Re: Critical Assessment of a YouTube video: What to/not to do
Technical/Info
First – there are various ways to slave – all have pros and cons. This is presented as if it is “the” way to do it. This showed a way to do it for a particular circumstance. And the video at one point contradicts itself (more on that later).
It would have been extremely informative to let listeners know that there are basically two ways to “slave” and amp. The preferred way (for modern use) is to run a preamp-out to a post preamp in. You do this to use one preamp tone and the slave amps power section.
Why? You preserve the tone of the preamp by by-passing the first amps tone stack/controls.
Some uses: Taking a mega-loud head, and running it into a small combo for your apartment or a small club. Taking a tiny amp and running it into a mega amp for a large venue.
Another way is to run out of a first amp and directly into the front of another amp. The issue here is that you impact the tone of the first amp because you hit all of the preamp impact of the second. The bonus is you can do this without effect loops.
A reason this was often done was to cascade Gain stages. Example: Mid gain Marshall into mid gain Marshall = 60’s hot rod Marshall!
This vid only presented an old Marshall into an old little Fender, as if it was the only way, or best way. It needed some contect.
Comments on the Hotplate: States that the tone is messed up going through the Hotplate because the Hotplate impacts the tone. Tone is in the ear of the beholder. The compression added by that Hotplate would be excellent for say early VH or Boston tones. State the impact, not the opinion, or state that you have an opinion. Meanwhile – the Fender ALSO impacts the tone – obviously in a way that the author likes.
Stating that there is a product that is different than the Hotplate was excellent. Many may not know these exist.
The author then states, regarding going into the Fender “Either way it will sound great” Opinion – no it won’t. There are absolutely Amp/Slave combos that will sound crap. And some Fenders will crisp/bright/brittle up an otherwise sweet fat tone. Clean Fender “RE-amps” in the notes - yes it does, setting a Flat eq is important and should have been in other than a callout box.
The delay/verb note for an Old Marshall was really good info. This is a great reason to do this. The Speaker Load issue should have been really emphasized too. That’s critical when dealing with old amps.
Now – WTF were the sound clips. I couldn’t tell jack about what the impact of all of this was. Here is what would have been great to hear:
1. Marshall through a stack as a base tone
2. Marshall through Hotplate at low and high attenuation just to see what OP was talking about
3. An AB of Marshall on it’s own (at sensible level for comparison) and Marshall through the Fender – with EQ set to be as close as possible.
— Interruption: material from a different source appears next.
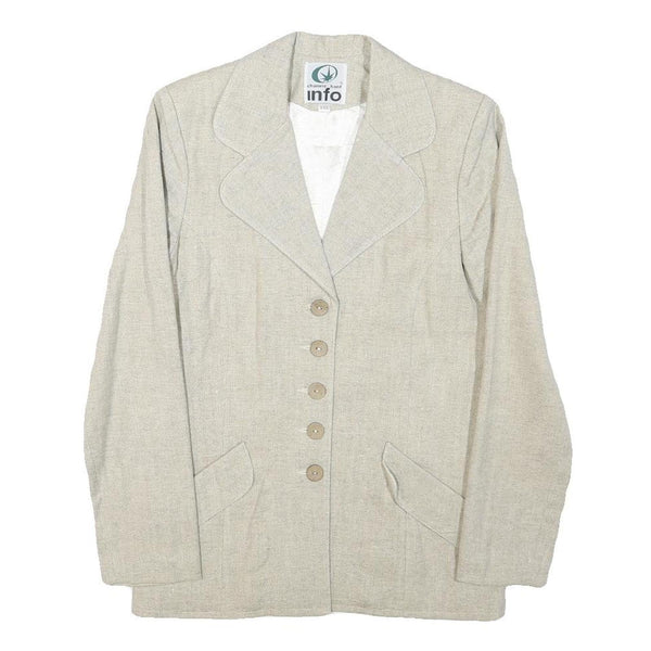 Info womens cream wool blend button jacket xxs woven classic blazer elegant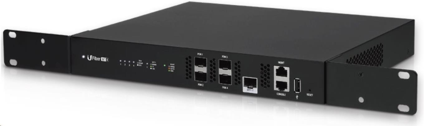 Co se konektorů týče, UF-OLT-4 má kromě 4 GPON portů také 1 SFP+ port s rychlostí 1/10G, jeden ethernetový port určený pouze pro management a jeden konzolový port.

4. Marshall Hot plated vs Marshall Slaved to Fender would have been nice too.
Finally – here is a REAL problem I had. After all of that how to use your Marshall – the Author puts a preamp in the FX chain!!! SO we have: Marshall Head, Preamp, Fender Tone Stack. I do not believe this sounds at all like the original cranked Marshall – not that we heard it.
So yes – this does do a fantastic job of showing you how to
a) Take a non-loop Loud head
b) Put it into the front of a non-loop small combo
c) Add an fx loop
What would have been awesome would have been also showing how to do that into an FX loop to really preserve the sound.
It would have also been really informative to explain how the amp could have a pre-stack out, a post stack out, or a pre speaker out (which would capture output tune glory as well, if you are into that – and that each could be a little different.
A head with an FX loop (or dedicated Slave out) into a Power amp in on another amp, is a very different thing than a Speaker out to a amp input. None of that was covered at all.
But – you did learn one way to do this. But it isn’t the only way, the best way, or informative enough for me to make an informed decision on it.
LLL – not hating on you personally. A lot of people throw up random clips of tiny little slices of information. This is just a very recent example of it. As Bruce said in the earlier thread – you turned the Marshall into a Dark Matter. Pretty much. And a lot of info was left out about how NOT to do that! Like Marshall into a combo with an FX loop and the Suhr box. THAT would have been an awesome show – how the Hotplate cranked the front is different than the Suhr box into the loop!